What is needed:
Your task is to copy the listing exactly. Drop any pictures from the copy.

Data section:

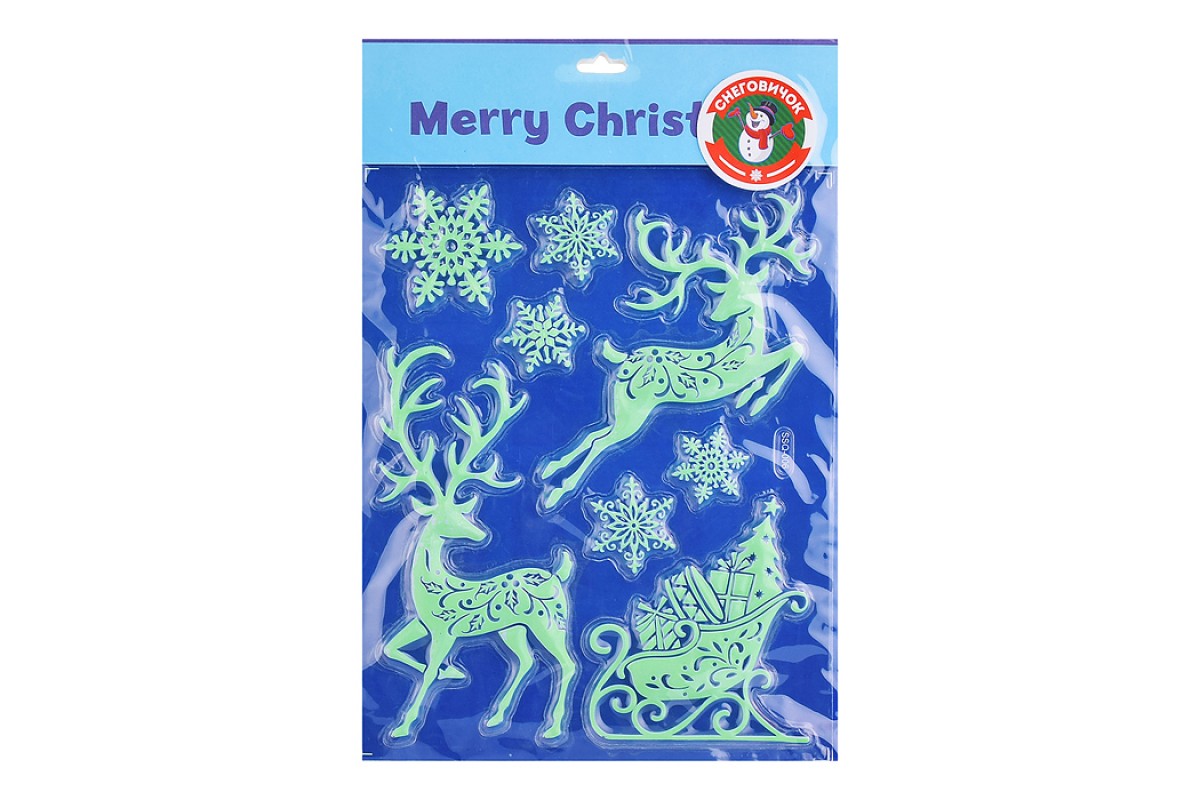 Наклейка новогодняя для декора "Олени" светятся в темноте
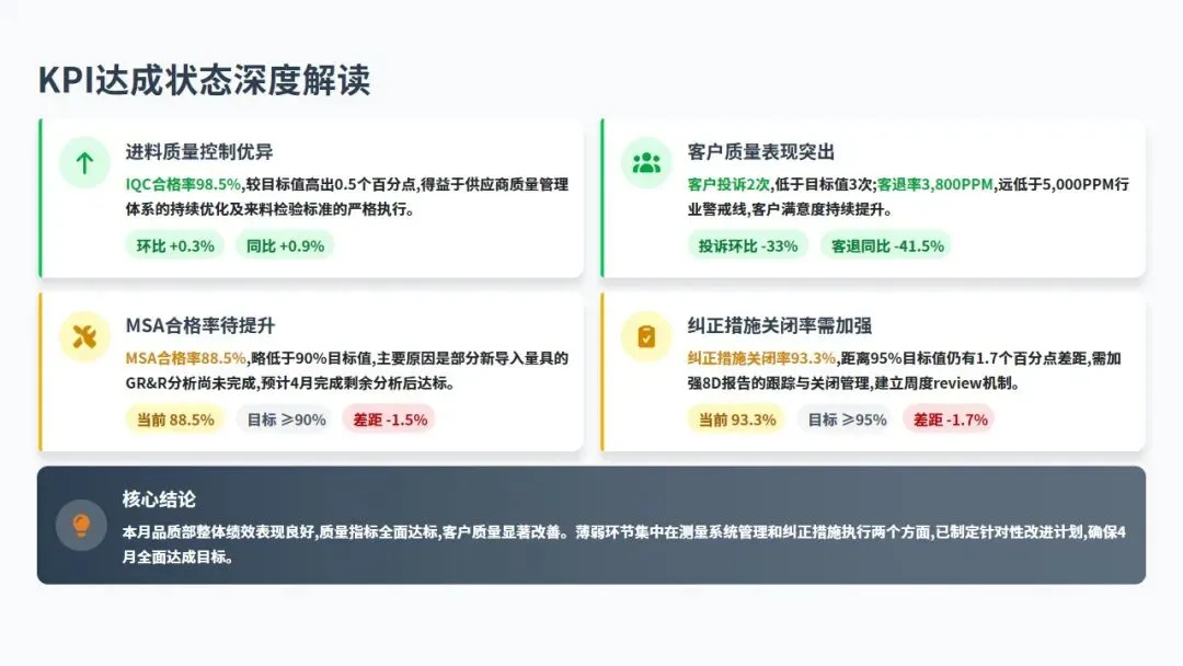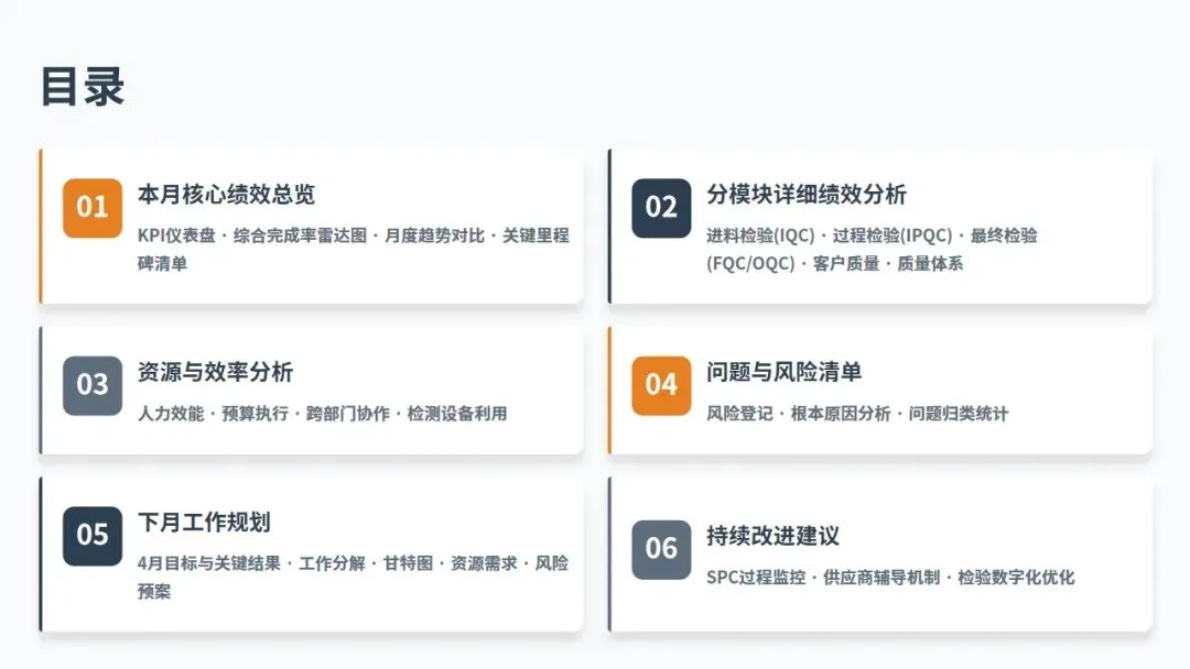 35页品质部月度工作总结及规划PPT模板,干货满满!
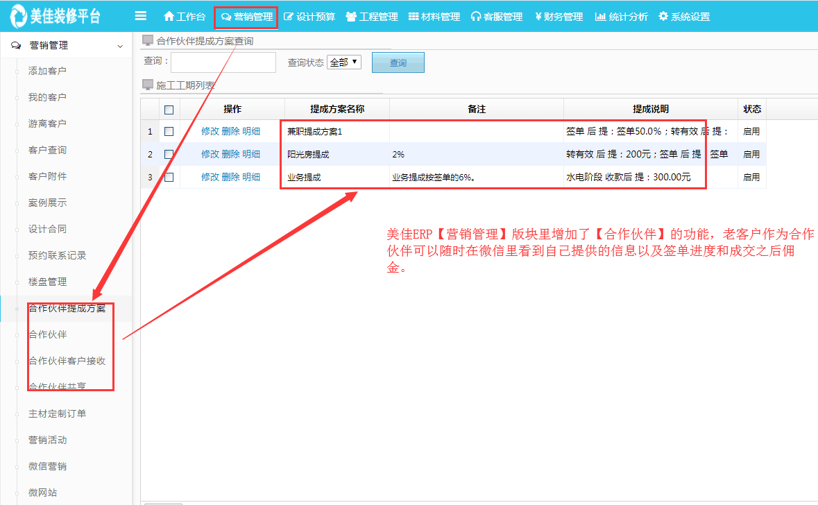 客戶(hù)帶客戶(hù)是既省時(shí)間簽單成功率又高的銷(xiāo)售途徑。想要回單就要把老客戶(hù)轉(zhuǎn)化為我們的合作伙伴。美佳云裝通過(guò)掃描二維碼對(duì)接微信是透明便捷的合作平臺(tái),大大的促進(jìn)客戶(hù)作為合作伙伴來(lái)向我們提供信息,與老客戶(hù)保持了粘度;也很大程度上杜絕合作伙伴的后顧之憂,比如把信息介紹給我們有沒(méi)有簽單成交,簽單金額是多少,自己能拿到多少傭金等等。

Solution for this task:
 Наклейка новогодняя для декора "Олени" светятся в темноте
 35页品质部月度工作总结及规划PPT模板,干货满满!
 客戶(hù)帶客戶(hù)是既省時(shí)間簽單成功率又高的銷(xiāo)售途徑。想要回單就要把老客戶(hù)轉(zhuǎn)化為我們的合作伙伴。美佳云裝通過(guò)掃描二維碼對(duì)接微信是透明便捷的合作平臺(tái),大大的促進(jìn)客戶(hù)作為合作伙伴來(lái)向我們提供信息,與老客戶(hù)保持了粘度;也很大程度上杜絕合作伙伴的后顧之憂,比如把信息介紹給我們有沒(méi)有簽單成交,簽單金額是多少,自己能拿到多少傭金等等。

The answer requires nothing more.